All participants in the operation did a walkthrough to debrief their roles and actions. I was the last guy to go through, trying to recall every detail to the best of my ability while exhausted and numb.
Meanwhile, PES was busy counting bullets and collecting brass. They took photographs of everything, including me in my uniform. They wanted to make sure they had all the facts, including proof that I was immediately identifiable as a cop.
After my walkthrough, my commander looked at me and asked, “Who do you want as your companion officer?” That was the best thing he could have done for me that day. An hour later, I was sitting at a diner with a veteran SWAT officer I highly respected. I ate scrambled eggs and bacon in a bloody uniform, searching for some semblance of normalcy.
We headed to police headquarters afterwards so I could give my official statement. I signed it and was sent home with the caveat that I would need to make an appointment with our departmental psychiatrist before I could return to full duty. At the time, administrative leave was only one day off, but I was allowed to take a couple of extra days.
The emotional aftermath of a deadly force incident
And then it started. I didn’t feel normal anymore because I had done something very abnormal – I killed somebody. I was justified in doing it, but it was still traumatic and I would eventually face a Dallas County grand jury to defend my split-second actions.
I replayed the incident over and over and felt like crawling out of my skin. Exhaustion set in. I had anxiety about what my peers thought. Whether they admit to it or not, other officers will Monday-morning-quarterback you because you’ve become “that guy.” This is a huge disservice to the involved officer. The shooter has enough on his mind to worry about besides the rants of people who believe they could have done a better job.
Operators who were in the room with me during the shooting came up with their own versions of what happened to explain their actions and inactions. People who weren’t even there were probably my worst critics. The next day, I had a salty SWAT veteran question my judgment, and he was at home sleeping when all of this occurred. Whether it’s your peers or the news media, I can’t emphasize enough how brutal and unexpected the Monday morning quarterbacking is following an officer-involved shooting.
My phone rang off the hook. Most were concerned family and friends; some were colleagues who had heard multiple versions of the shooting and wanted to get it straight from the horse’s mouth. It’s actually good for an officer to tell the story because it makes you feel normal. You also start remembering details you may have forgotten in the immediate aftermath. It’s like waking up from a dream and starting to recall different parts and pieces as the hours pass. I’d think to myself, Damn, I said I looked left and broke right, when I really looked right and broke right. I need to amend my statement.
When I went to see the psychiatrist, he went through a long checklist with me:
- Do you have an appetite?
- Can you sleep?
- Are you depressed?
I returned to work immediately after that visit, probably sooner than I should have. There’s a much better understanding today of how important it is for management to give officers enough time to decompress. When they return, don’t throw them back in the saddle too quickly.

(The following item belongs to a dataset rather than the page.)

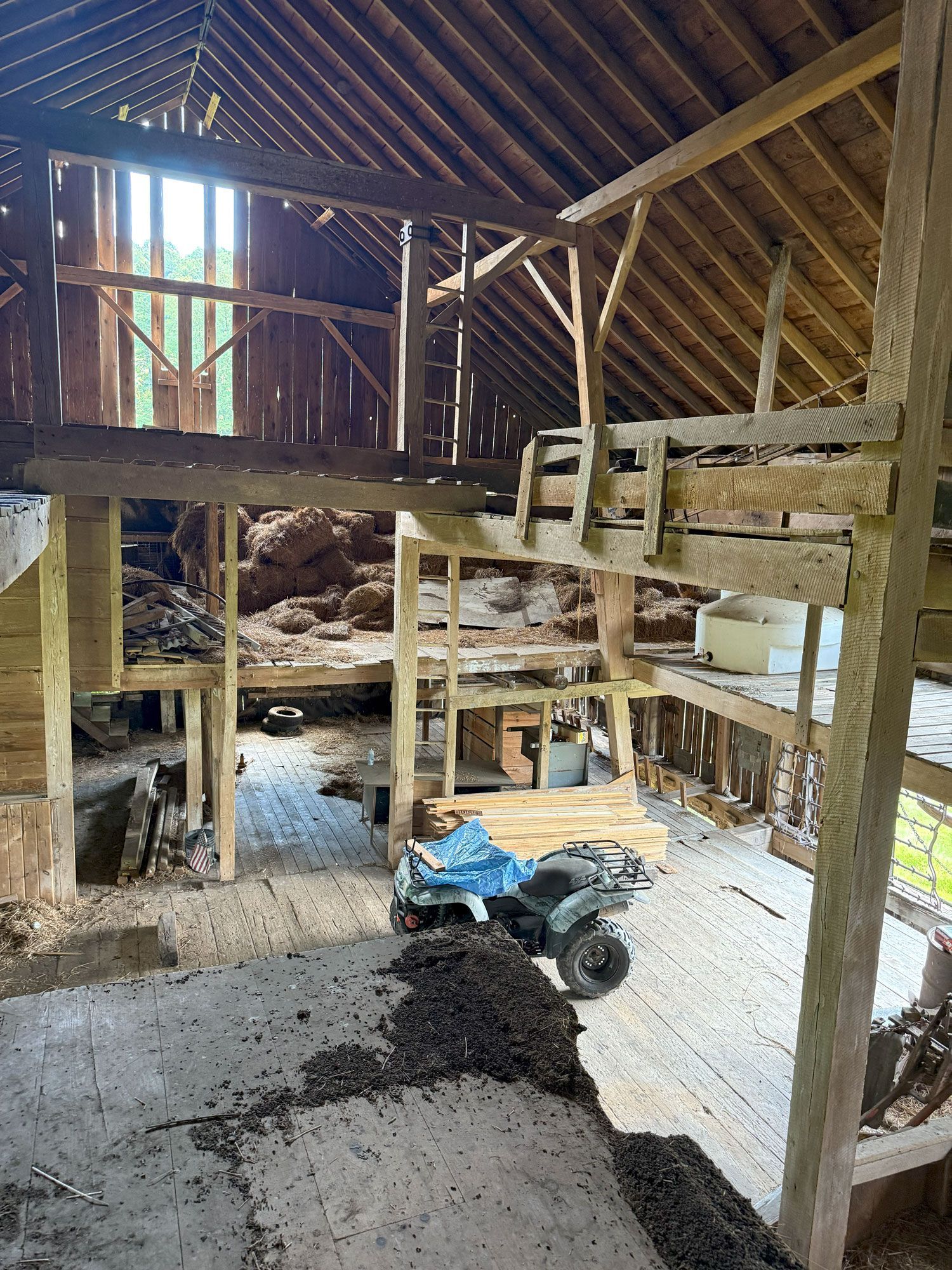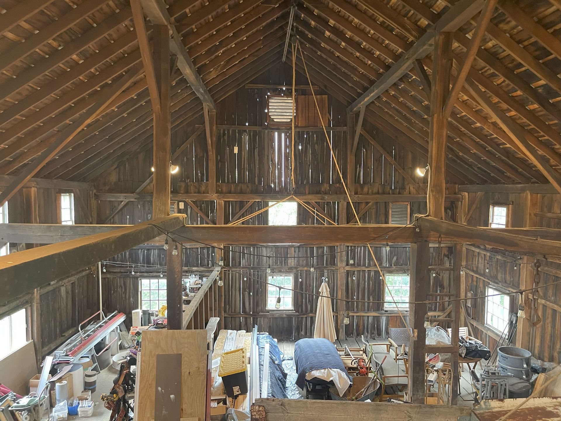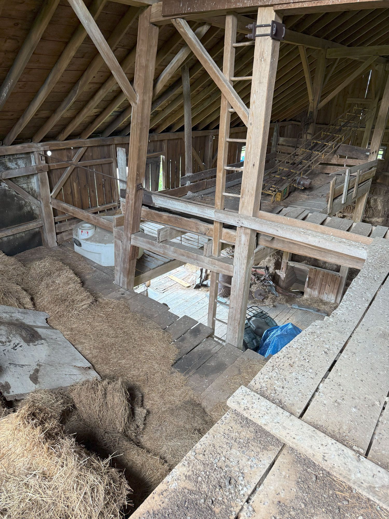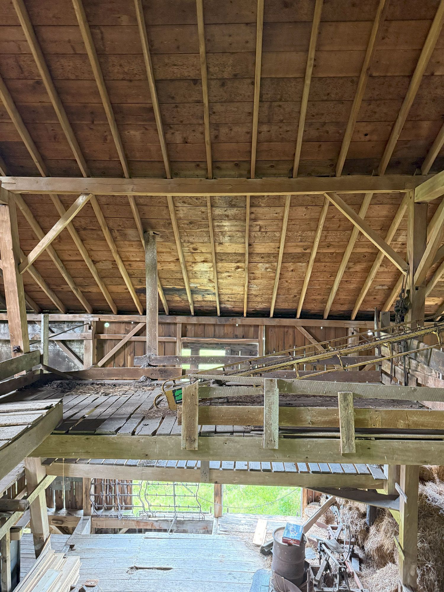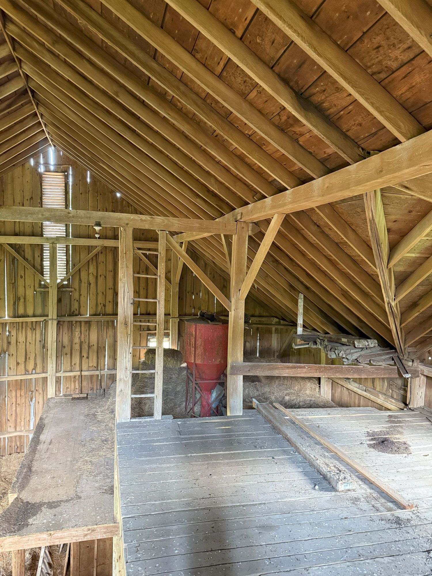 Truly unique in how robust this frame is. The main timbers in the frame measure 11"x 11" and 12"x 12". Once restored, the warm pine timbers will warm a home to its finest. The central space is only interrupted by two big timber ladders and the rest is open for the design of your project. This barn also has an addition that, as an optional space that can be added anywhere around the perimeter of the barn, can serve so many creative purposes. All the more reason to give this barn frame a good look.

How to reintegrate a police officer after a deadly shooting
Officers involved in shootings shouldn’t be forced back into their operational duties right away. They have been through an incredibly traumatic experience, no matter how tough they act. Ease them back into work. Give them a few weeks of restricted duty or have them conduct training at the range so they can gradually assimilate their regular duties.
Don’t second-guess the officer’s decision and don’t allow other people to do it. Just leave it to the investigators.
You experience a variety of unexpected emotions when you shoot someone. I was a highly trained SWAT officer; that’s why I made the decision to use deadly force, but the after-effects were still tough to deal with.
Going forward, I thought I was going to be involved in a shooting on every dynamic entry. I knew it was irrational, but I thought I’d be too quick on the trigger. On my first day back on duty, my sergeant made me the point man on a warrant execution. I burst through the front door, confronted a suspect in the first room, and ordered him to get down on the ground. He quickly complied, and I had never been more relieved in my life. It reinforced the fact that I was still tactically in control of my actions and making sound decisions.
With all its challenges, the best thing to come out of my experience was the opportunity to be someone else’s companion officer. A few years after my shooting, a patrol rifleman responded to a robbery at a Shell station. He took aim and fired after the suspect pulled a gun on him. This young man was completely shaken up when I arrived. I told him exactly what my sergeant had said to me: “Relax. You did the right thing.”